Une identification et une évaluation individuelles des éléments composant le mali technique doivent être réalisées en vue de l’affectation comptable de ce mali.

Le mali technique ne peut être constaté que dans le cadre de fusions réalisées à la valeur comptable, entre entités placées sous contrôle commun, typiquement lors de la fusion d’une filiale dans sa société mère. Il correspond à la fraction du mali de fusion justifiée par l’existence de plus-values latentes sur les actifs apportés, comptabilisées ou non dans les comptes de la société absorbée, diminuées des passifs non inscrits en comptabilité. À l’inverse, la part du mali non justifiée par ces éléments constitue le « vrai » mali, comptabilisé en charge financière.

L’identification du mali technique implique un travail d’évaluation particulièrement exigeant. Bien que la fusion soit réalisée à la valeur comptable, il est nécessaire de déterminer la valeur réelle des actifs transférés afin d’identifier les plus-values latentes. Cette évaluation peut porter sur des actifs corporels, financiers, circulants ou incorporels, y compris ceux non inscrits au bilan de la société absorbée, tels que les marques ou les relations clients. Cet exercice est souvent complexe et chronophage, notamment pour les actifs incorporels, et doit être anticipé dès la phase de préparation de l’opération.
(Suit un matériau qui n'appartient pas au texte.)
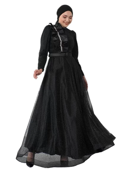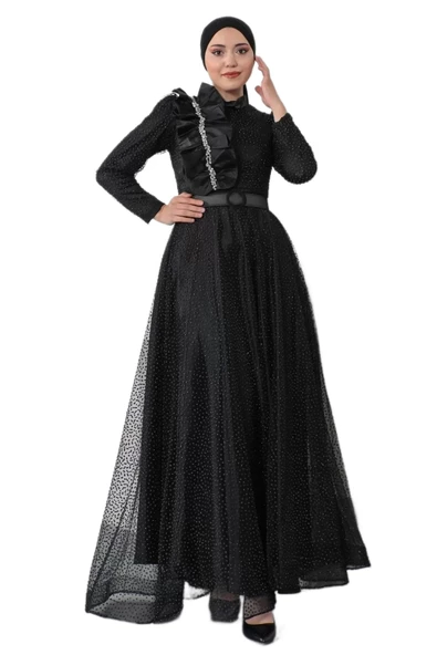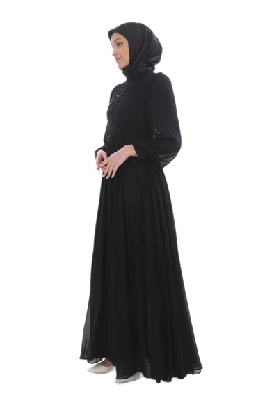 Nakış Detaylı Tesettür Abiye Elbise 688-Siyah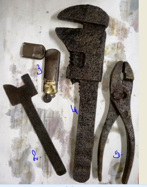 Доброго вечора! Прохання підсказати по знахідкам з хутору біля Дніпра,на 41 рік переправа. 1 Цікавить що то є. 2 Схоже на частину ножиць. 3 запальничка що за надпис не розберу на які роки.4 Що за ключік чій.5 Пасатижі,є два клейма на які роки .Дякую!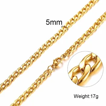 Collier homme rond Miami lien cubain chaîne ton or et argent acier inoxydable Punk garçon mâle Colar cadeaux 24″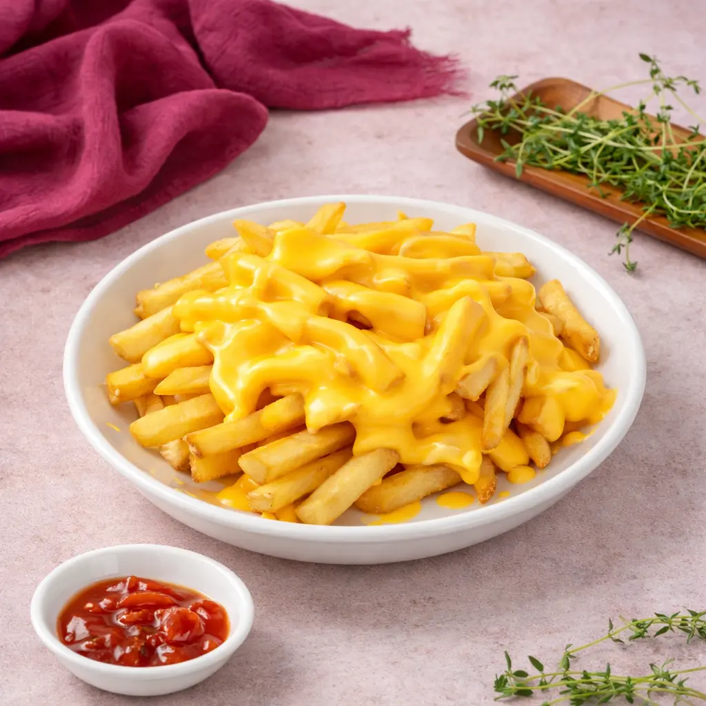 Cheddar peyniri, parmak dilim patates kızartması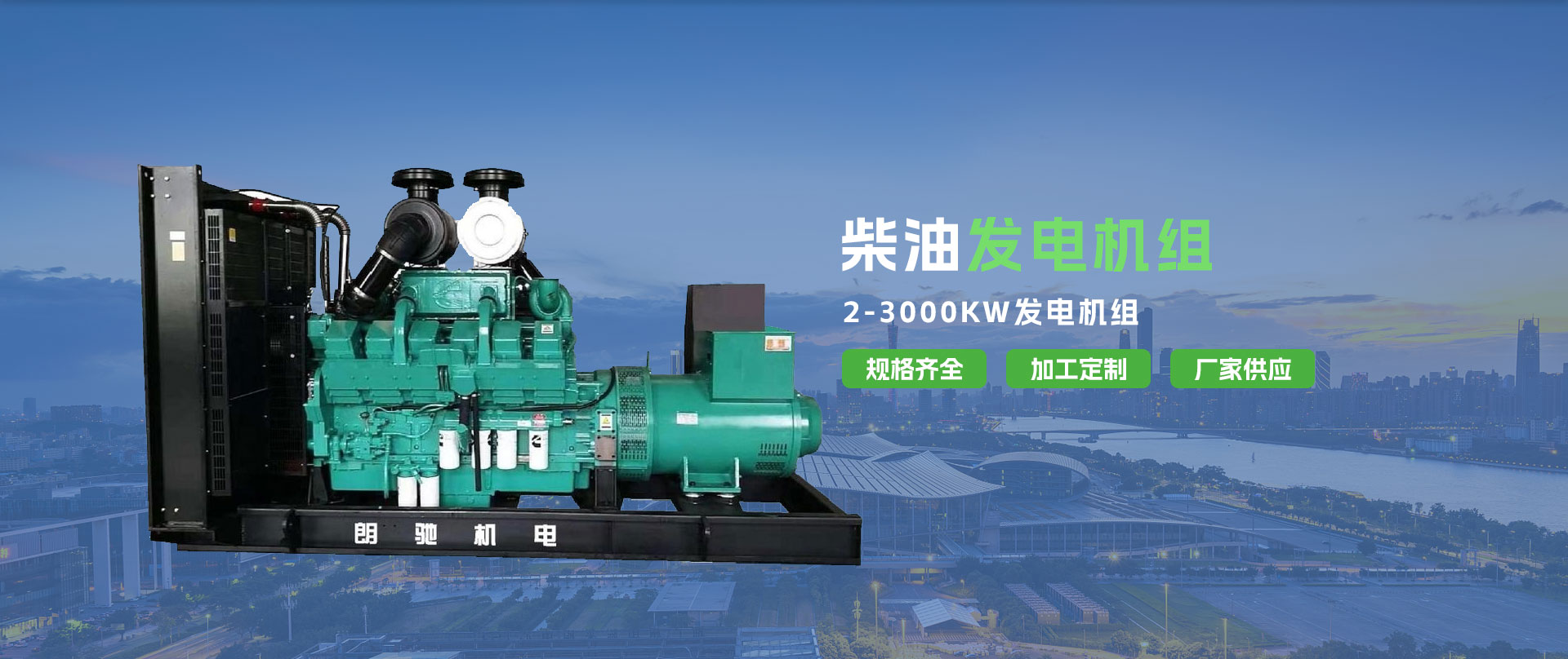 公司生產的2-3000KW柴油發電機組是以世界名牌柴油機:康明斯CUMMINS、德國MTU、DEUTZ、DEERE、韓國、DAEWOO以及國內名牌油機:上柴、濰柴、玉柴、濟柴、香康等為動力,配套英國斯坦福、美國馬拉松、德國西門子及中國知名品牌發電機使朗馳發電機組具備了國際先進水準和品質性能。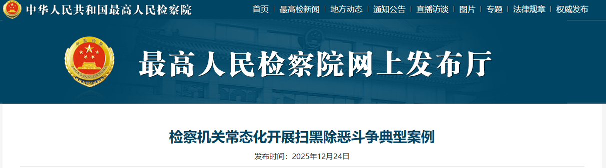 12月24日,最高檢發(fā)布一批檢察機關(guān)常態(tài)化開展掃黑除惡斗爭典型案例。安徽一涉黑惡組織為非作惡、欺壓群眾,長期超出采礦許可證范圍大肆非法采砂數(shù)百萬噸,造成國家礦產(chǎn)資源重大損失,還腐蝕多名國家工作人員充當“保護傘”,稱霸一方,主犯被判有期徒刑二十五年。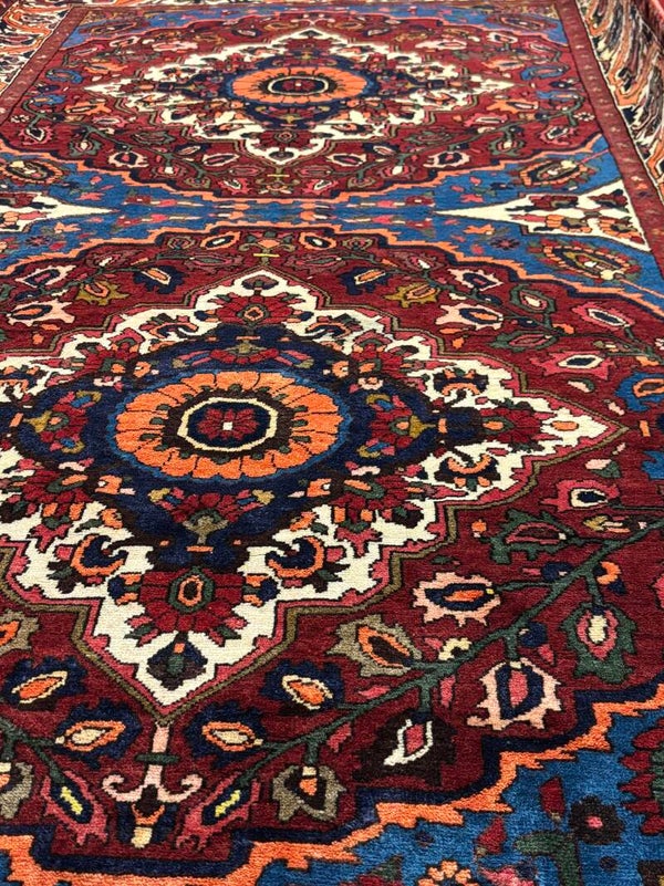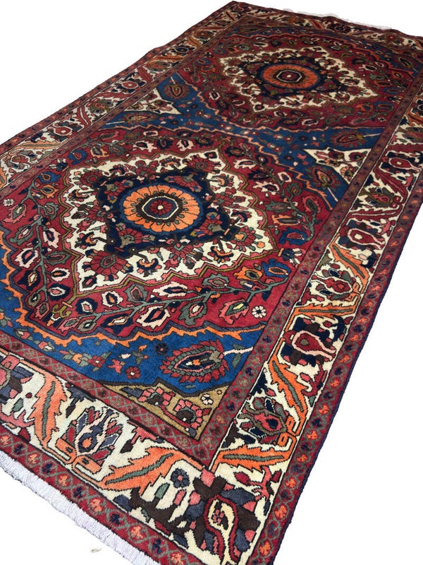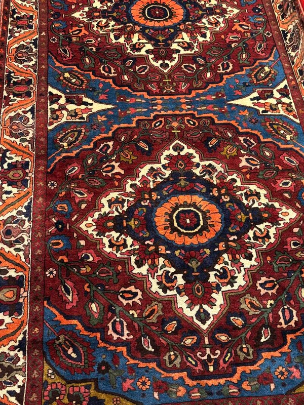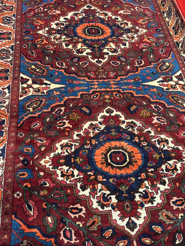The Bakhtiar Two Very Fine Rectangular Handwoven Persian Rugs - Twins (307 x 170 cm) and (340 x 167 cm) are a unique and elegant pair that add charm to any room. Handwoven from high-quality wool, these matching rugs feature intricate patterns and rich colours, offering a timeless design that enhances your home décor. Perfect for living rooms, hallways, or dining areas, their durable construction ensures long-lasting beauty and comfort underfoot. These twin Persian rugs bring harmony and style to your space, making them a perfect choice for those seeking a distinctive and coordinated look.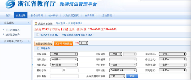 学员登录教师培训管理平台(https://pxglpt.zjedu.gov.cn/)→自主选课→自主选课报名→更多培训班筛选→培训机构(黑料吃瓜网 001)→查询→报名。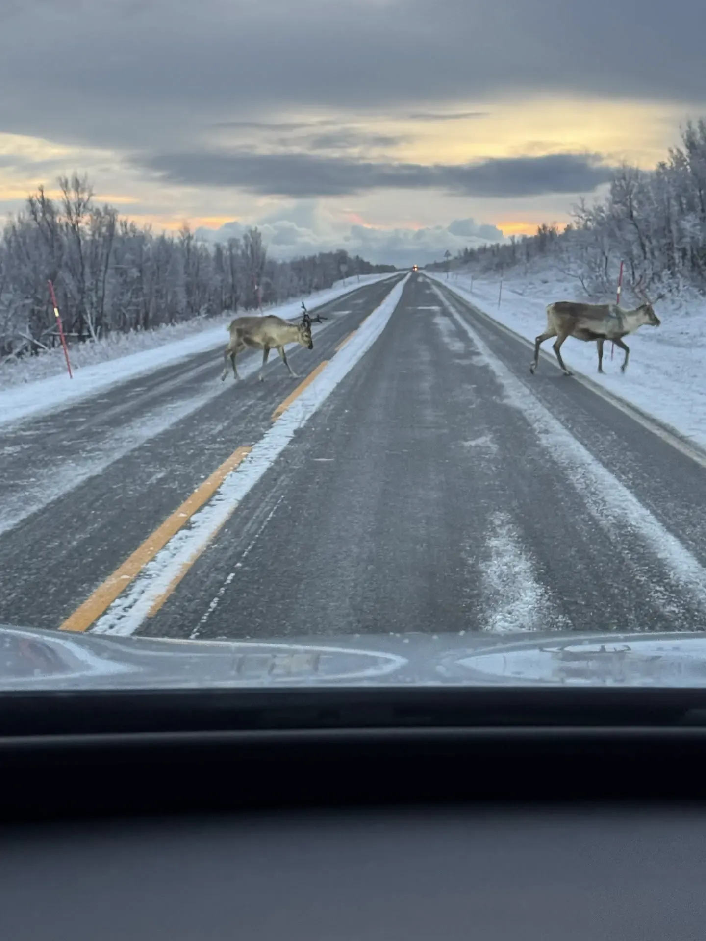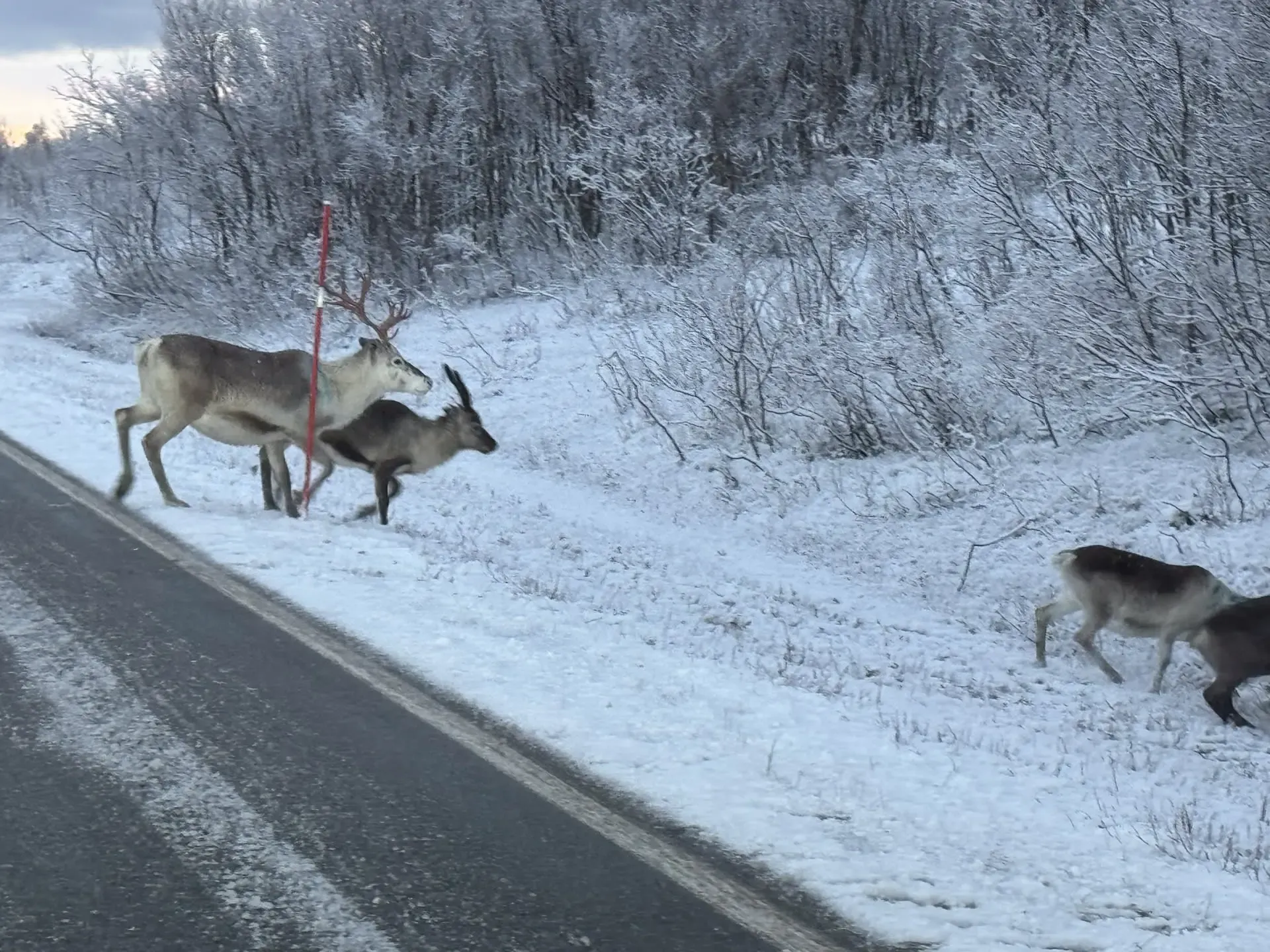 Und dann – völlig unerwartet – trottete eine ganze Rentierherde über die Straße. Einfach magisch.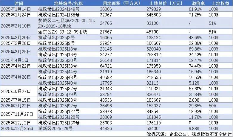 回顾滨江集团2025年在土拍市场表现,观点新媒体注意到,除了12月2日以底价13.61亿元竞得杭州滨江区浦沿单元地块之外,其余所有地块都是溢价成交。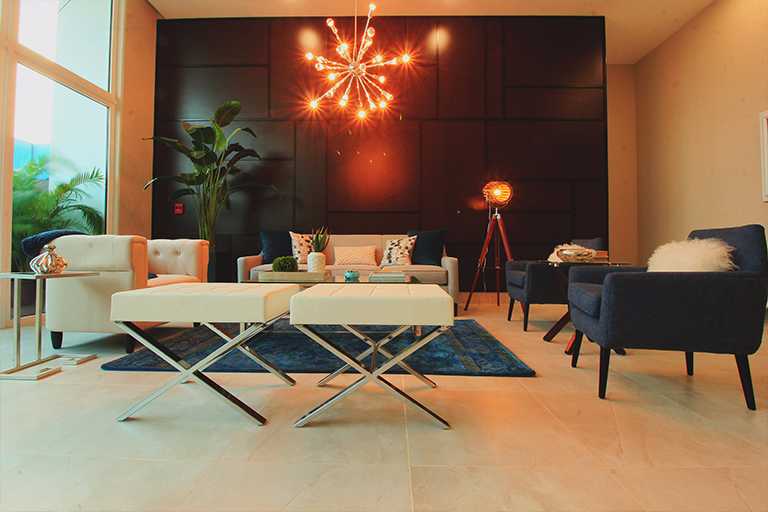 Lobby completo con recepción y area de espera

Conformément au plan comptable général, le mali technique doit ensuite être affecté obligatoirement aux actifs apportés auxquels il se rattache, en priorité aux actifs identifiables au prorata des plus-values latentes estimées de manière fiable, puis, pour le solde éventuel, au fonds commercial. Cette affectation conditionne le traitement ultérieur du mali, tant en matière d’amortissement que de dépréciation ou de sortie d’actif.

Inscrit à l’actif du bilan de la société absorbante dans des comptes dédiés selon la nature des actifs concernés, le mali technique fait l’objet d’un suivi post-fusion rigoureux. Il est amorti selon les mêmes modalités que l’actif auquel il est affecté et intégré aux tests de dépréciation. Son traitement fiscal dépend du régime applicable à la fusion : sous le régime de faveur, les amortissements et dépréciations ne sont pas déductibles, tandis que sous le régime de droit commun, ils peuvent, sous conditions, être admis en déduction.

Enfin, le PCG impose une information détaillée en annexe, tant lors de l’exercice de réalisation de la fusion que lors des exercices ultérieurs, afin d’assurer la transparence du suivi du mali technique.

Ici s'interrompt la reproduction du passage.